My husband is a very neat person. I am not. For the most part we manage our differences by dividing and conquering, which is to say I contain my mess to my office (mostly) and he doesn’t complain about it. I try to keep things tidy, but my level of “meh, it’s fine” is his level of “oh my god must stop everything and clean.”
If I eat something crumbly, like a muffin, I can see him start to twitch. He won’t say anything, because he’s not a complete asshole, but I can feel him watch every crumb fall wondering “is she gonna clean that up?” And sometimes I do, because I’m not a complete asshole, and sometimes I don’t because I am too busy enjoying my muffin to notice the crumbs that fell. Twenty minutes later I hear him running the vacuum for the 4th time in 4 days and I wonder just how much strain this is putting on our marriage. I “spontaneously” tidy up the bathroom and hope for the best.
Enter the Roomba…
Roomba is a robotic vacuum cleaner which sounds like a novelty. And it is. It costs as much as a Dyson but looks like a frisbee on steroids. It roams around your house in an erratic spiral zig-zag, cleaning as it goes and maybe getting stuck. Which is to say that when I got it for my husband I was skeptical, but also out of better ideas for a Christmas gift. Don’t worry, we’re not all business around here. I also got him socks and underwear.

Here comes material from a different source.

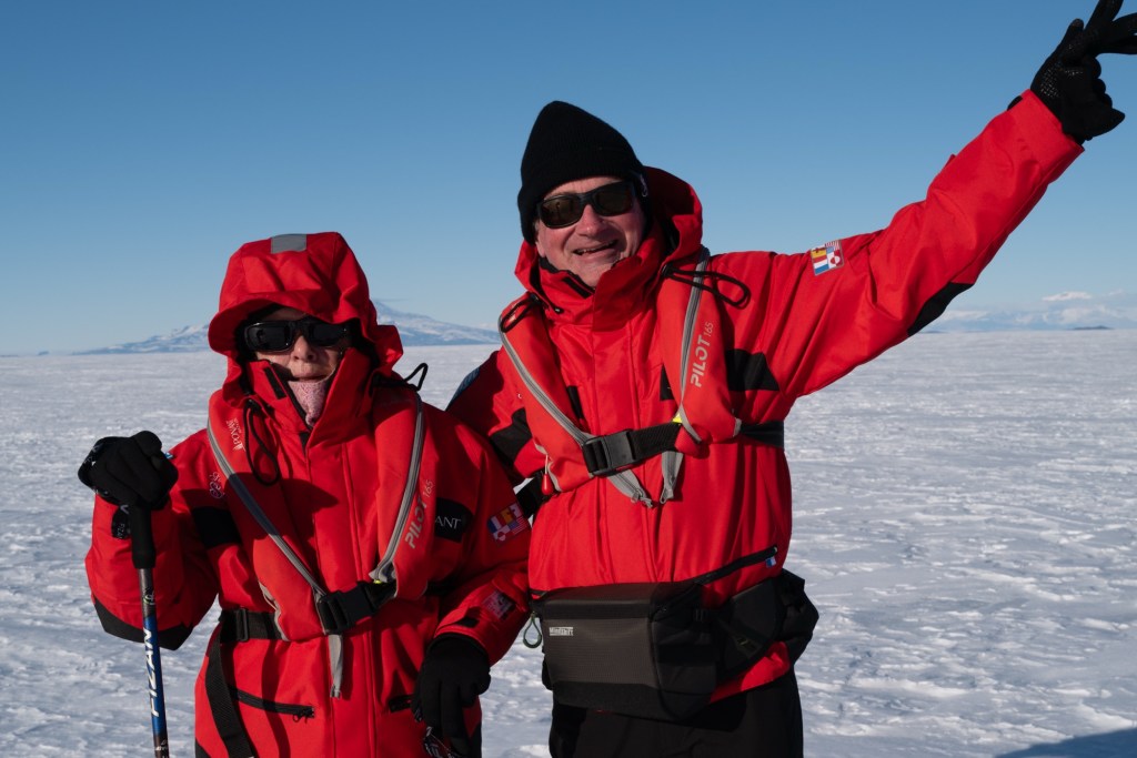 After all that I was determined to open the Prosecco, even if I froze my hand doing so ! Our fabulous guide and prankster then climbed almost out of the boat to take our picture, still smiling 😁

We brought this goofy little robot into our home with a mixture of excitement and apprehension. The current generation of Roombas (Roombai?) all have the ability to find their way back to the charging station after cleaning, which is a huge improvement over the last time I looked at them. They have edge detection which keeps them from falling down stairs and little “virtual walls” you can use if you want to keep it in or out of a given area. After charging overnight we set it loose and, just as promised, the little guy wandered all over our first floor like a drunken oversized hockey puck.
The Roomba isn’t a perfect replacement for our regular vacuum. Its wandering style of navigation means it takes longer than just doing it yourself with a regular vacuum, but it does pass each area multiple times. Since we have an open floor plan, our first floor is just one big space and the Roomba doesn’t handle huge rooms very efficiently. If I’ve got a particular problem area I’ll use a virtual wall to pen it in. We also had to take steps to hide cords and other loose items. Roomba-proofing is not unlike toddler proofing.

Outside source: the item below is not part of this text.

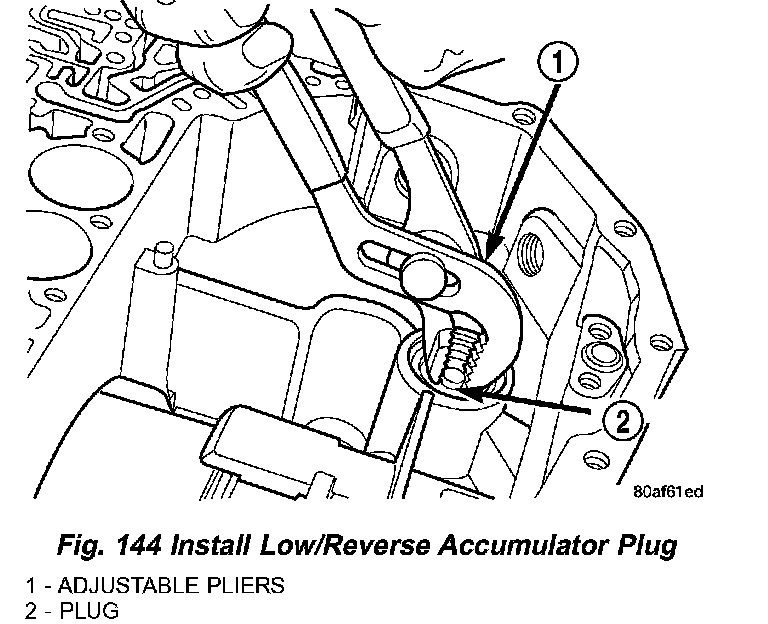 60. Install low/reverse accumulator plug (Fig. 144).

Now we run it every couple days, or whenever we’re going out for an extended period of time. While we’re gone it does its thing and goes home when it’s done. We feel very smug eating dinner at Chili’s knowing our robotic manservant is cleaning the house while we stuff our faces with fajitas. My husband no longer spends 20 minutes a day cleaning up after crumbs I don’t see. If this isn’t marital bliss, I don’t know what is.